The researchers did not shy away from the more complex findings. Three months later, some of the improvements had begun to fade. They did not disappear entirely, but they were not fully maintained. This moment is perhaps the most important one in the article. It reminds us that while the intervention can generate meaningful short term change, sustaining it requires continuity, routine, and ongoing commitment.
It is difficult to ignore the Israeli reality. In a country that moves constantly between alarms and strained routine, between periods of overload and instability, almost every therapeutic process is tested by continuity. From this perspective, the study’s implication becomes even clearer. Work with horses can open a door to change, but lasting change requires continued walking through it.

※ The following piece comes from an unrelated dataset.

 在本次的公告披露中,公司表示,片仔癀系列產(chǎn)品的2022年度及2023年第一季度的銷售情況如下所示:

This brings to mind Yael Moran, who co leads dyadic groups with me. She once shared that when she studied with Uri Peleg, he repeatedly said, “slowly, gently, and many times.” A simple sentence that carries an entire philosophy of regulation, relearning, and trust building, both between a person and themselves and between a person and a horse.
What else can be explored from here?
I encourage the moderators and instructors I train to ask questions. Not from doubt, but from professional curiosity that helps a field grow. When we discussed the article together, several natural questions emerged that could form the basis for future research.

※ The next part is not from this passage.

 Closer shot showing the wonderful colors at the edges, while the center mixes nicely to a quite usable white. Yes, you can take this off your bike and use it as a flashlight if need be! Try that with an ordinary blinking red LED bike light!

The current study focuses exclusively on ground work. This is a meaningful choice, yet it is intriguing to consider what might happen in a process that also includes riding. Shared movement, weight bearing, balance shifts, all of these may influence the nervous system in different ways.
The duration of the program also invites reflection. Eight sessions are an excellent starting point, but a longer sequence might allow the changes to stabilize more fully.
And then there is scale. Eight participants form an initial foundation, but broader understanding will require additional studies, more diverse groups, and varied models of intervention.
These are not questions of skepticism, but of genuine professional curiosity. They open the door to deeper thinking, greater precision, and richer understanding of the complex and fascinating encounter between human and horse. This is exactly how a developing field continues to move forward.
The article by Professor Neria highlights something many of us intuitively sense wherever a human meets a horse. It reminds us that this encounter is not a miracle cure and not a promise of instant healing. It is a step. A step that offers a possibility. A step that creates a small crack in a hyper vigilant nervous system and allows light to enter.
Working with horses invites us to slow down, to breathe, and to relearn what safety feels like. It allows those who have been hurt to find moments where words are no longer required in order to be understood.
And like any deep process, it requires continuity. It requires repetition. It requires a space that can hold a person long enough for real change to take root. Perhaps this is why work with horses feels so accurate for this era. It does not promise that pain will disappear. It promises that we will not be alone inside it.
When we allow the horse to be a horse, the human can finally be human.
From there, it becomes possible to keep moving forward, slowly, gently, and many times, toward a life that feels just a little more bearable.
Sources:
Arnon, S., Fisher, P. W., Pickover, A., Lowell, A., Turner, J. B., Hilburn, A., ... & Neria, Y. (2020). Equine-assisted therapy for veterans with PTSD: Manual development and preliminary findings. Military medicine, 185(5-6), e557-e564.